Actuellement elle se fait plutôt par montée d'un cathéter, le plus souvent par voie fémorale (méthode de Seldinger). Le cathéter peut être placé dans l'artère carotide commune pour étudier la bifurcation carotidienne, dans l'artère carotide interne ou dans l'artère carotide externe (artériographie dite sélective), voire dans une branche de l'une de ces artères (artériographie dite supersélective).
Les clichés, autrefois réalisés à l'aide d'un sériographe et traités par soustraction, bénéficient à notre époque d'un système de numérisation de l'image avec soustraction électronique (angiographie numérisée).

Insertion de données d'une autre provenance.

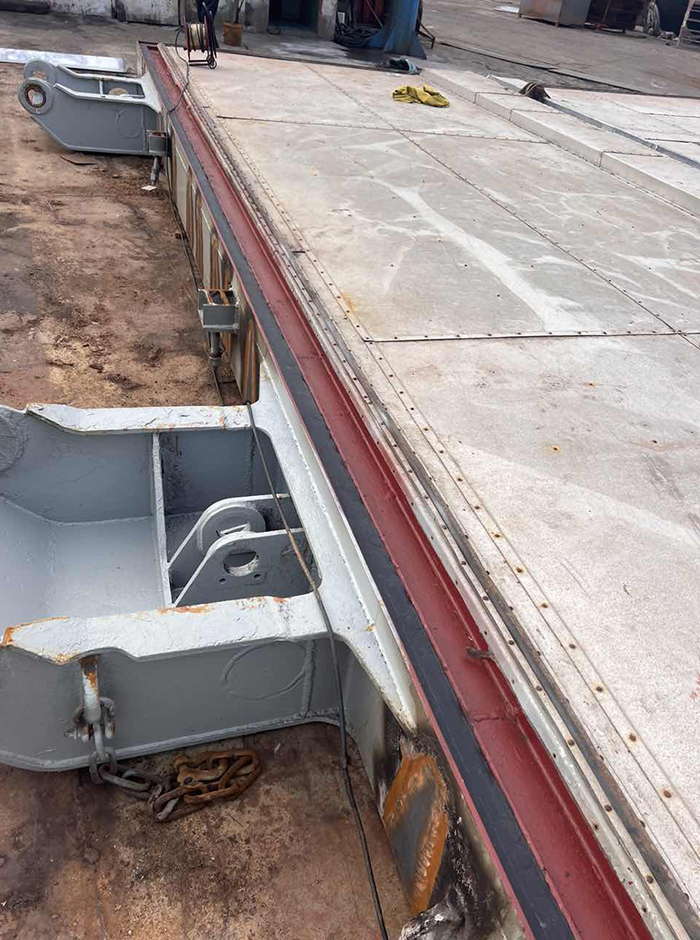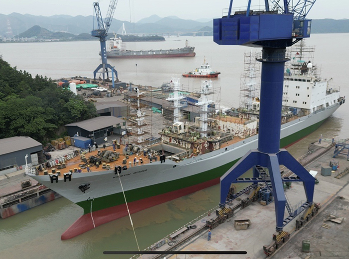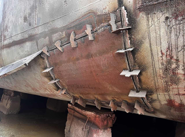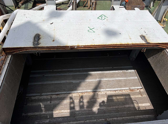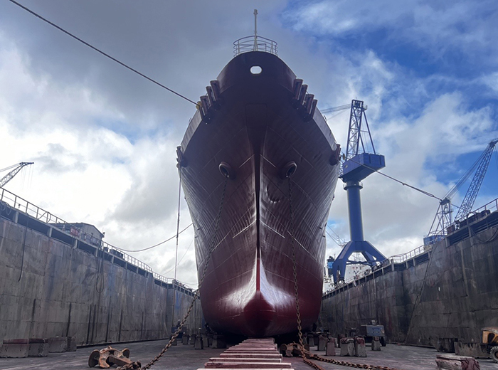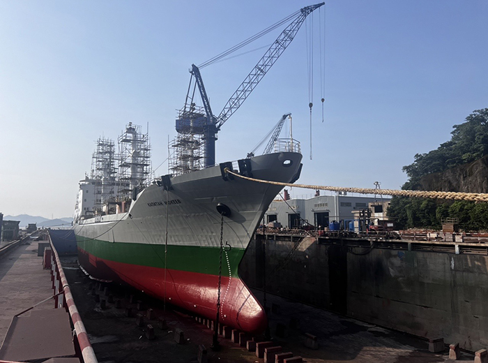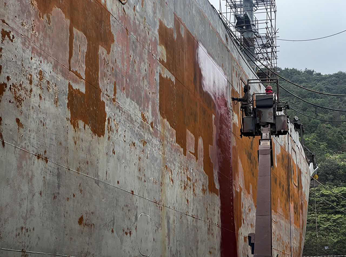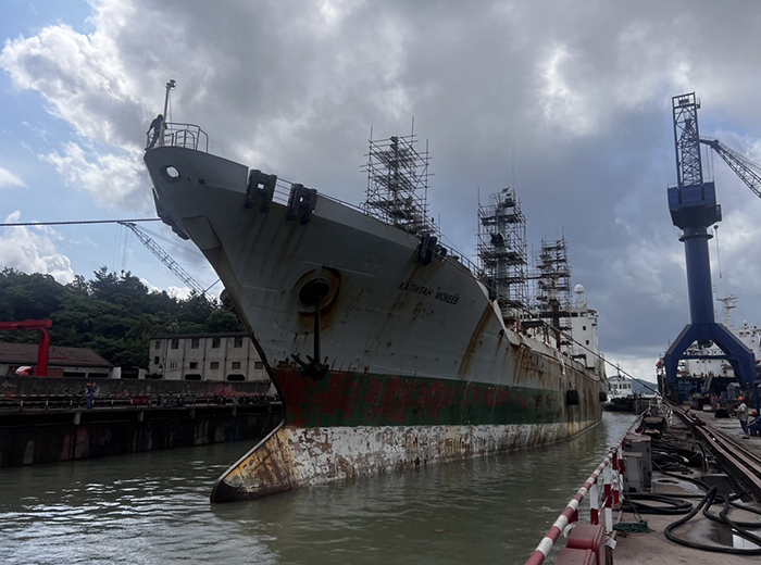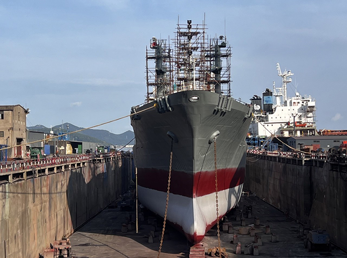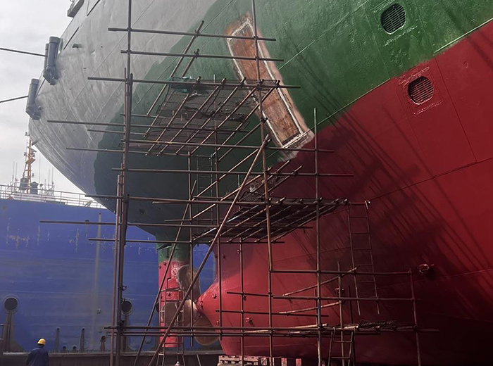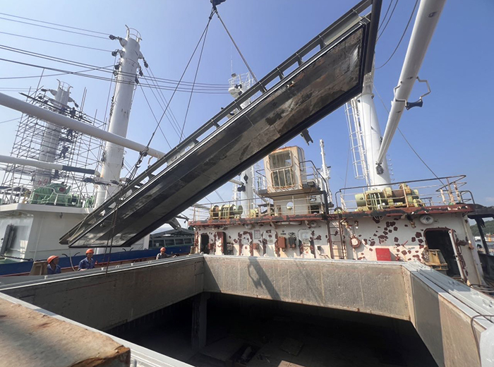 莫科轮于2025年5月28日进册子船厂进行维修,本次修理为中间检验。主要工程有:三、四号货舱换新内底板;二、三号货舱二甲舱盖全部换新(液压缸修理);四套八块主舱盖下地修理;八根吊杆下地修理,尾部生活小吊吊杆下地;锚机下地,齿轮探伤,换新铜套;生活区部分水密门换新;舷梯下地修理;救生艇下地;机舱部分甲板换新;部分起货绞车及电机,千斤索绞车电机,尾部生活小吊绞车下地修理;左舷尾缆机电机修理;机舱部分油柜清洁,蒸汽加热管试压;常规坞修海底舷外阀,管路阀,锅炉阀,压载排水系统气动阀修理;2号停泊海水泵连电机,2号主海水泵,消防泵修理;主机空冷器,主机凸轮轴滑油冷却器修理;23,24号油柜加装连通管路;空压机一台,部分空气瓶瓶头阀修理;生活污水处理系统阀,管路等修理,2个筒体换新,1个齿轮箱壳体换新;坞修换新部分外板和舭龙骨,桨舵组常规测量,探伤;压载舱清洁,装锌块;生活区及全船零碎换板;全船涂装。
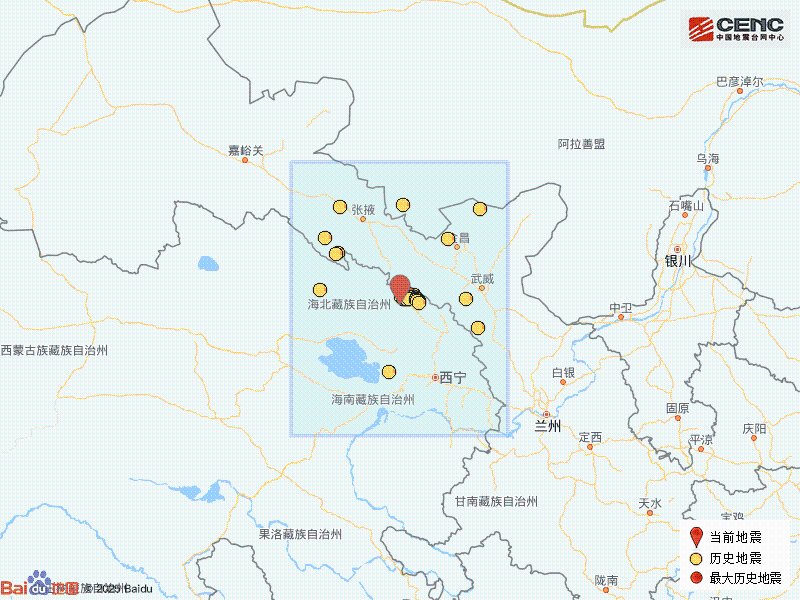 历史地震:根据中国地震台网速报目录,震中周边200公里内近5年来发生3级以上地震共64次,最大地震是2022年1月8日在青海海北州门源县发生的6.9级地震(距离本次震中11公里),按震级大小前50次历史地震分布如图。

Actuellement l'artériographie est rarement purement diagnostique : elle est le plus souvent remplacée dans cette indication par l'angioscanner ou l'angioIRM.
Elle est le plus souvent faite soit pour préciser un détail mal visible sur ces techniques (exemple : l'implantation précise du collet d'un anévrisme, la situation exacte d'un thrombus) , soit comme premier temps d'un acte thérapeutique intravasculaire (embolisation, pose de stents, thrombectomie....)
A. Egas Moniz, neurologiste portugais, membre de l’Académie nationale de médecine, prix Nobel de médecine en 1949 (1927)
Syn. angiographie carotidienne
[B2, B3, K4, B4, H1, H2]
Édit. 2020
artériographie vertébrale l.f.
vertebral arteriography
Exploration radiologique d'une artère vertébrale et de son territoire après injection d'un produit de contraste iodé hydrosoluble, réalisée par montée sélective d'un cathéter dans l'artère vertébrale par voie fémorale (méthode de Seldinger).
L'artériographie vertébrale était, à l'origine, effectuée par ponction directe de l'artère vertébrale au cou, technique très délicate actuellement abandonnée en raison des risques. Les clichés en série étaient traités par soustraction. Sur les installations modernes, un système de numérisation de l'image permet la soustraction électronique (angiographie numérisée).